However, as the world is moving toward the UCS (ISO/IEC 10646-1), X begins to support UCS in many aspects. As Thai characters have been covered since the very first effort by Unicode Consortium, Thai has passed the stage of character encoding definition for multilingual supports.

TIS-620

TIS-620 is the national standard for Thai character set for use in computers. It is an extension to ISO 646, a 7-bit code set which is very close to ASCII. TIS-620 was first published in 1986 (2529 B.E.) and was amended in 1990 (2533 B.E.) in some details for the conformance with ISO/IEC 2022, but the code table was still the same.

TIS-620 has been supported by GNU C library under the th_TH locale. The iconv(3) can be used to convert between TIS-620 and other encodings.
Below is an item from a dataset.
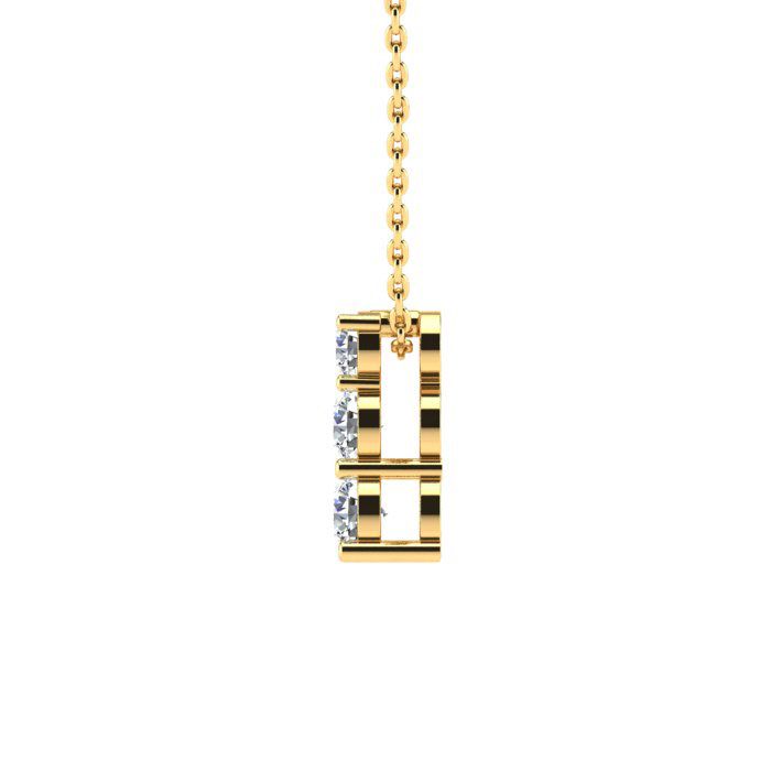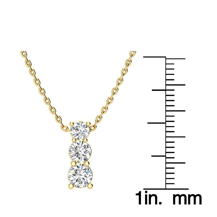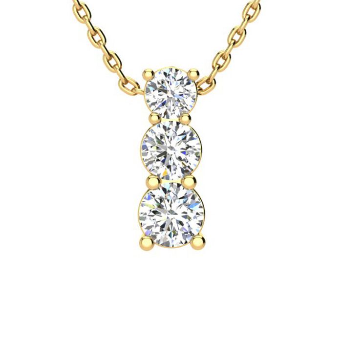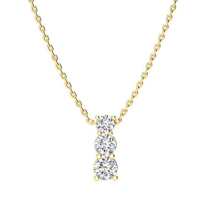1ct Three Stone Natural Diamond Necklace In 14K Yellow Gold, 18 Inches

In X11R6, TIS-620 has been defined as TIS620.2533 in the th_TH.TACTIS locale. In fact, TACTIS is an extension to TIS-620 with the word break character (0xDC) proposed by the Thai API Consortium. But that has never been adopted anywhere, and no existing application supports the word break character. (We have the Zero-Width Space [ZWSP U+200B] equivalence in the ISO/IEC 10646-1 table.) Therefore, we propose to use th_TH.TIS-620 locale instead. Moreover, the equivalence of TIS620.2529 and TIS620.2533 in the code table has caused confusion among font vendors and applications. So, we propose to remove the Buddhish Era extension and use just TIS620 instead.
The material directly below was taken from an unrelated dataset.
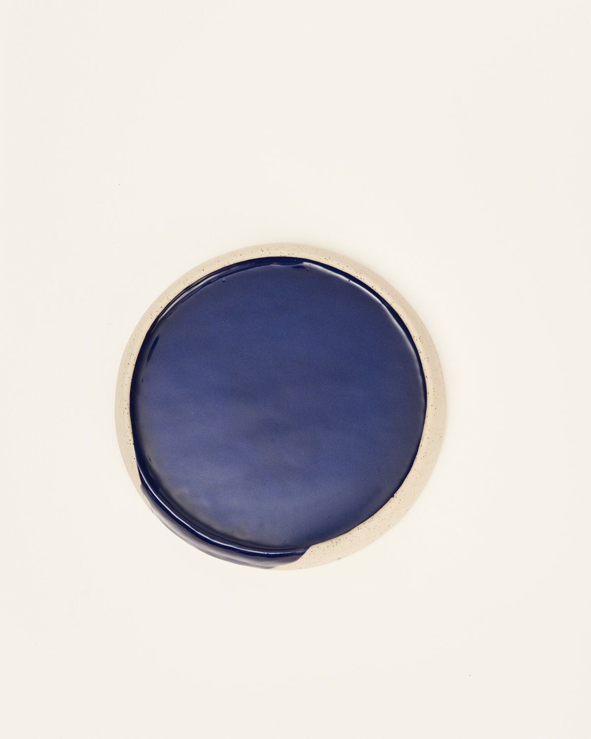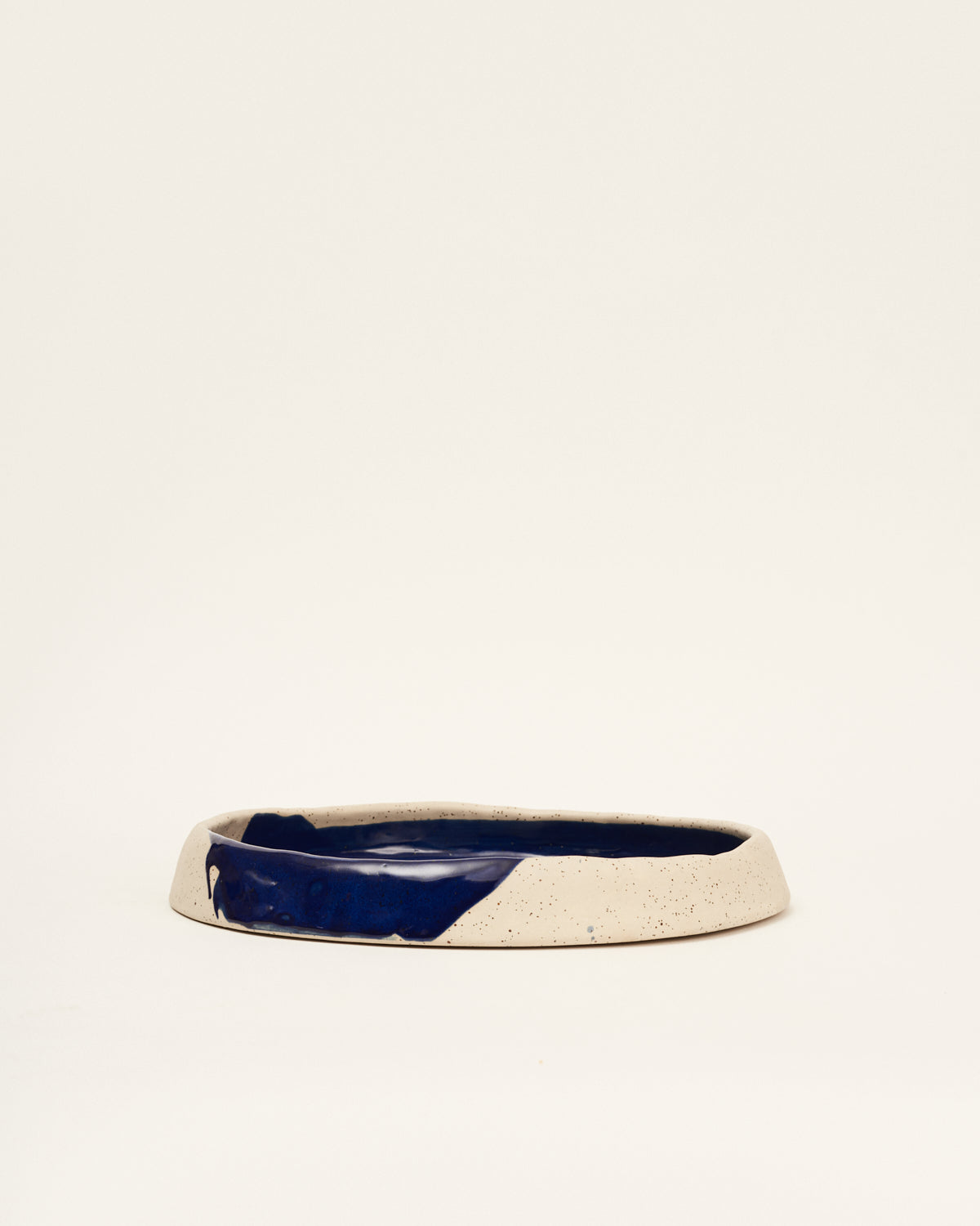 Bandeja azul glossy combinada con beige mate. Cerámica artesanal fabricada y pintada a mano en Madrid, España. La arcilla es un gres porcelánico con chamota procedente de Alemania y los esmaltes son formulados en su taller utilizando óxidos, pigmentos y minerales. Cada pieza es única.

Chanop Silpa-Anan has provided a patch against XFree86 4.0.2 for the code set change.

ISO/IEC 8859-11

The 8-bit nature of the TIS-620 code table is very similar to those for western scripts, which are defined in ISO/IEC 8859. Therefore, TISI has tried to promote the TIS-620 code table to the international industry by proposing to encode a Latin/Thai part in ISO/IEC 8859 with the same table. The table was assigned as part 11 of the standard. Although once rejected because of the combining characters in Thai script which make it different from other Latin scripts, it has been reactivated and proclaimed as international standard in December 2000. I have kept an old link to its FCD, which you may study, but it can't be reference, anyway.

In essense, ISO-646 + TIS-620 + 0xA0 = ISO-8859-11, and the new standard has become known in more internationalized applications. Therefore, we will support both encodings in parallel, and expect ISO-8859-11 to be our future encoding.

GNU C library 2.3 has already supported th_TH.ISO-8859-11 locale. In addition, I have made a patch to add th_TH.ISO8859-11 locale to XFree86 4.2.1.

ISO/IEC 10646-1

Many applications now have moved toward multilingual support, in which the core character set standard is ISO/IEC 10646 (Universal Multi-octet Coded Character Set - UCS). If you are familiar with Unicode, it is essentially the same. Unicode Consortium was founded before ISO/IEC adopted its job and formed a working group to make it an international standard. Now Unicode Consortium is sitting in the committee to propose drafts and votes with other delegates from member countries.

For X, there is a high momentum of the UCS support. The LI18NUX has promoted the use of UTF-8 locales provided by GNU C library. In the X itself, there have been multibyte and wide-char supports in X library. xterm now supports UTF-8 and some multilingual text rendition. Markus Kuhn has prepared a set of BDF UCS fonts that contains characters of as many languages as possible (Thai included), which has been included in XFree86 4.0. The Pango rendering engine of the GTK+ toolkit has provided multilingual text rendering for many languages based on UCS encoding. Qt has also supported UCS since its 2.0 version.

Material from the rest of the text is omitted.